2.    Saint Laurent (Bertrand Bonello) – The IMDB page doesn’t have a plot for this film from the director of House of Tolerance – which had quite a bit of critical acclaim at the 2011 festival. This one stars Lea Seydoux, Jeremie Renier, Brady Corbet (again) and Gaspard Ulliel as the title character – Yves Saint Laurent. This could be a sleeper at the festival for awards.

3.    Winter Sleep (Nuri Blige Ceylan) – This marks the fifth straight film by Turkish director Nuri Blige Ceylan that made the official competition – Distant won its stars the Best Actor prize, Three Monkeys won Best Director and Once Upon a Time in Anatolia won the Grand Prize. Is he finally in line for a Palme? I don’t know anything about the film other than its 3 hours and 16 minutes long.

4.    Maps to the Stars (David Cronenberg) - David Cronenberg reteams with Robert Pattinson as well as Mia Wasikowska, Julianne Moore, John Cusack, Carrie Fisher and Sarah Gadon (for the third straight film). It is a look at the poisonous culture of Hollywood. Cronenberg was riding high on critical acclaim with A History of Violence and Eastern Promises, before two more divisive films in A Dangerous Method and Cosmopolis. He is a fixture at Cannes, but never won the big prize. Will this film be the one?
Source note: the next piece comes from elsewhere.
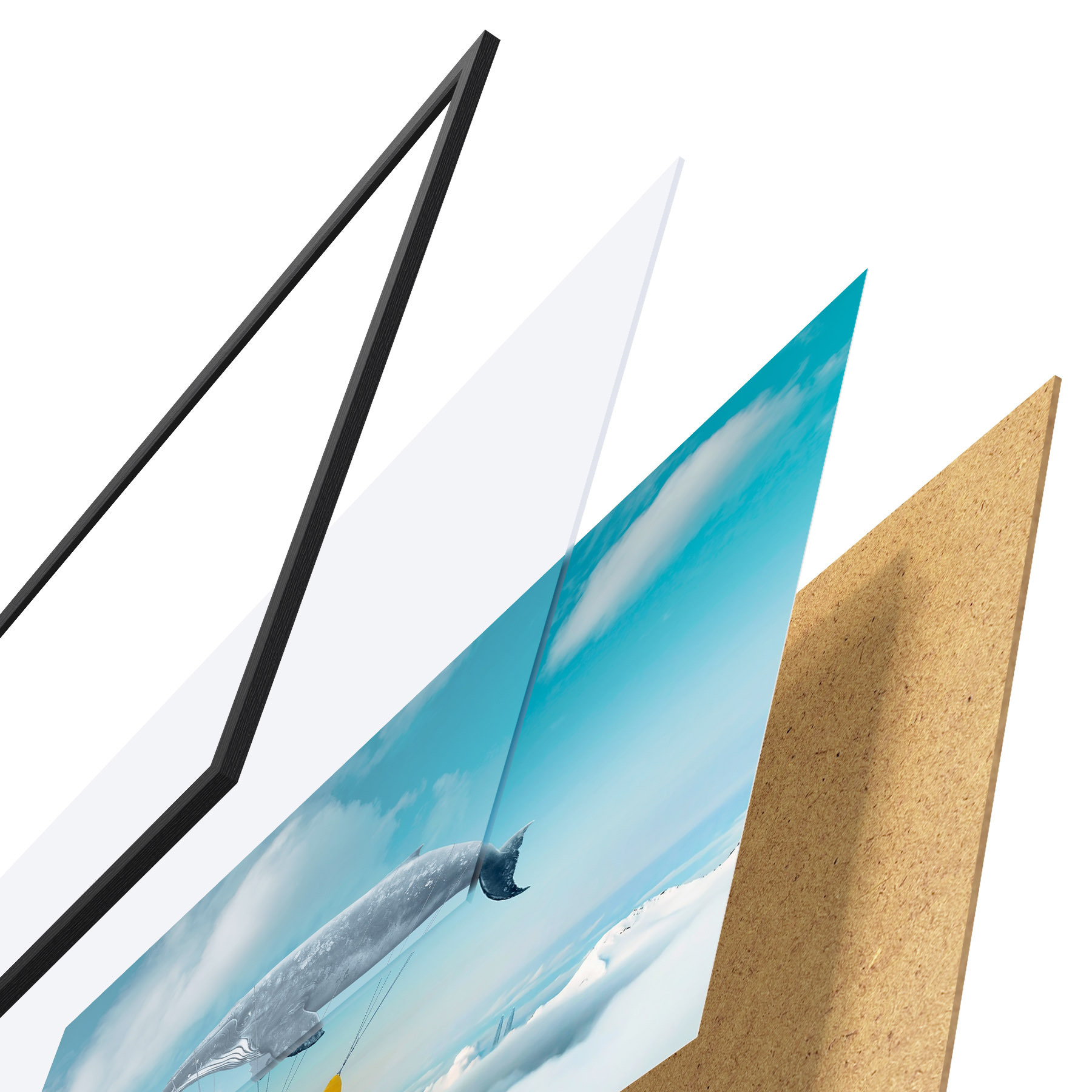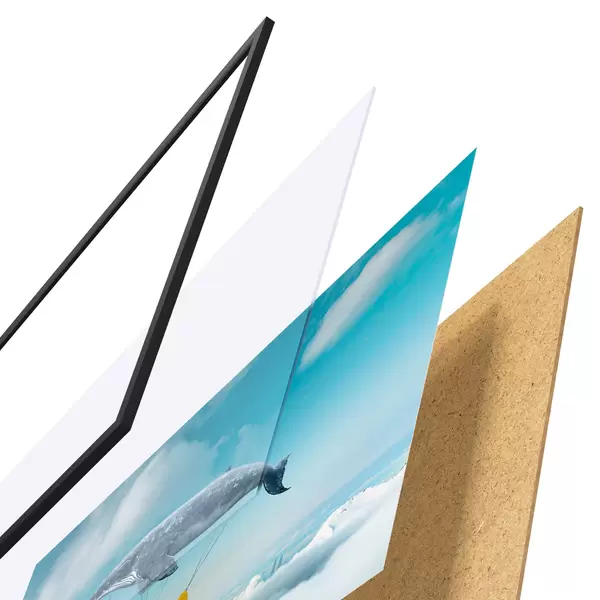 Plakatą sudaro rėmas, pleksiklas, atspausdintas vaizdas ir medžio drožlių plokštės pagrindas. Plakatą galima iš karto pakabinti ant sienos dėl kitoje pusėje esančių laikiklių.

5.    Grace of Monaco (Olivier Dahan) – Olivier Dahan is the latest of many directors warring with Harvey “Scissorhands” Weinstein over the cut of his film. This film was supposed to come out last fall, but was delayed until March – and then delayed again. It stars Nicole Kidman as Grace Kelly, and has had two trailers out. It is the “Opening Film”, and I suspect the French will be sympathetic to it, no matter the end result.

6.    Two Days, One Night (Jean-Pierre & Luc Dardenne) – The Belgian filmmaking brothers are once again in the Cannes lineup. The already have two Palmes – for Rosetta and L’Enfant, and had several other films win awards there – The Son for Best Actor, Lorna’s Silence for Screenplay and The Kid with the Bike the Grand Jury Prize. This one stars Marion Cotillard as a woman who has to convince her co-workers to give up their bonuses so she can keep her job. They always win something. Perhaps they’re due to miss.

7.    Mommy (Xavier Dolan) – Canadian Wunderkind Dolan makes his Official Selection debut, reteaming with his I Killed My Mother star Anne Dorval for the story of a single mother raising her violent son alone – and their mysterious neighbor. Dolan continues to grow as a filmmaker, so I’m interested in seeing his fifth feature.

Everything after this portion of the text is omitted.